Conference: ACL 2025
arXiv: 2411.05787
Code: https://github.com/carriex/refreshkv
Area: LLM Efficiency
Keywords: KV cache compression, long-form generation, sparse attention, dynamic cache refresh, inference acceleration

TL;DR

Proposes RefreshKV, an inference method that periodically alternates between full KV cache attention and small KV cache attention during generation, dynamically updating the small KV cache based on the attention patterns of full attention steps. Without permanently discarding any tokens, it achieves acceleration comparable to eviction-based methods while significantly improving performance on long-form generation tasks.

Background & Motivation

  • Background: The main bottleneck in long-context LLM inference lies in the linear memory growth of KV cache and the quadratic computational complexity of attention.

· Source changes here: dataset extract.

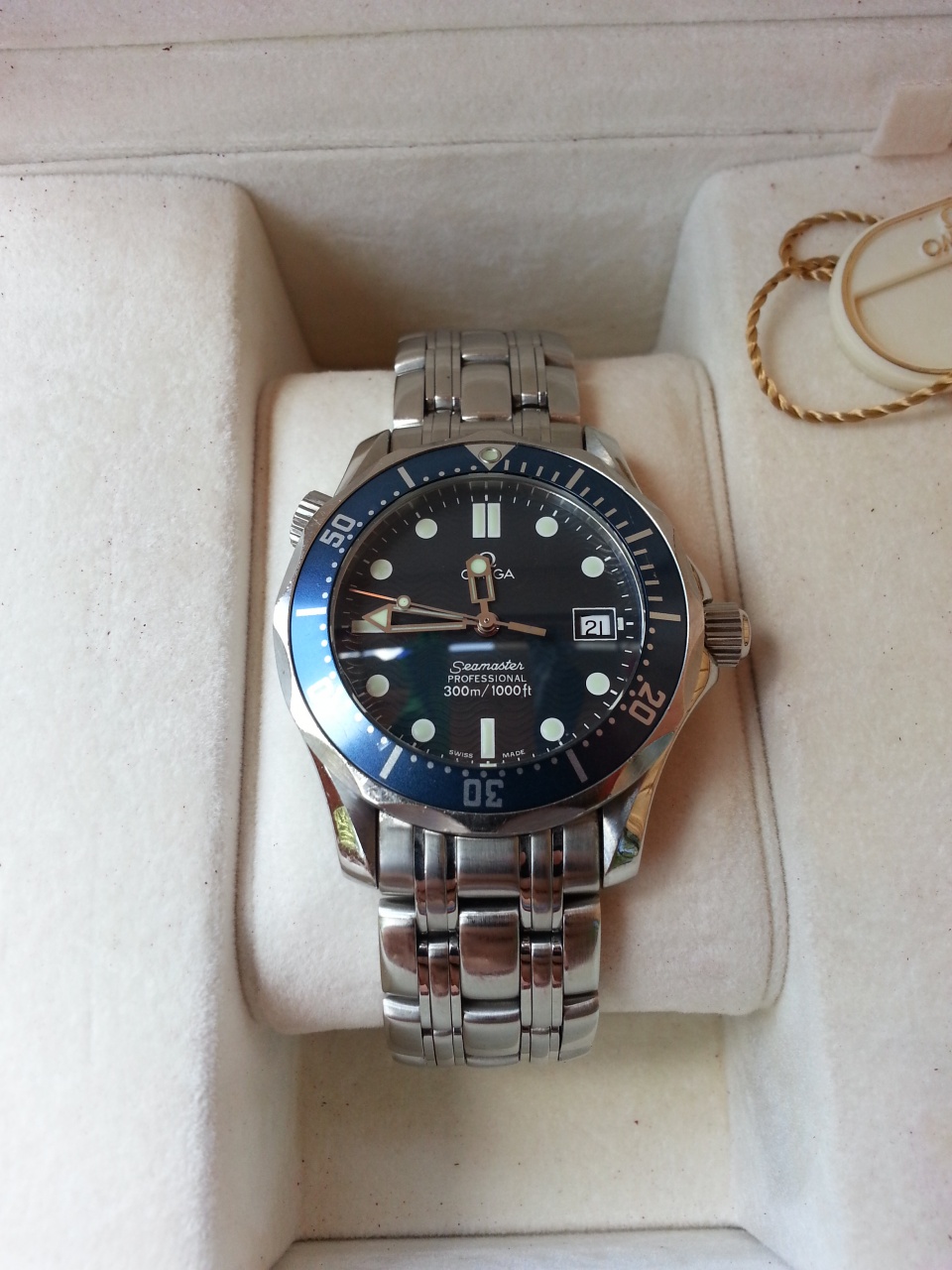 Продаю Omega Seamaster 2561.80.00 Midsize. Часы в хорошем состоянии. Имеют следы повседневного использования. На стекле имеется несколько царапинок/заминок и царапинка антиблика на 2-3 часа. Безель имеет несколько царапинок. Браслет также имеет царапинки. В целом состояние часов хорошее, царапинки в глаза не бросаются. В комплекте короб и бирка. Браслет на 17.5-18 см. Отправлю курьером с полной страховкой или любым другим способом.

Existing methods (such as StreamingLLM, H2O, SnapKV) maintain a small KV cache by permanently evicting "unimportant" tokens.
  • Limitations of Prior Work:
    • Eviction-based methods cannot recover tokens once they are removed, which has minimal impact on short-form generation tasks.
    • However, in long-form generation tasks, performance degrades drastically because the important tokens required by different generation steps change dynamically.
    • For example, SnapKV and H2O score 0 on the F1 metric in the HTML-to-TSV task, failing completely.
  • Key Challenge: Premature and permanent token eviction vs. high computational overhead of maintaining the full KV cache.
  • Key Insight: Retain the full KV cache (without sacrificing memory footprint) but compute attention only over the small KV cache for most decoding steps, while periodically refreshing the small cache using full attention steps.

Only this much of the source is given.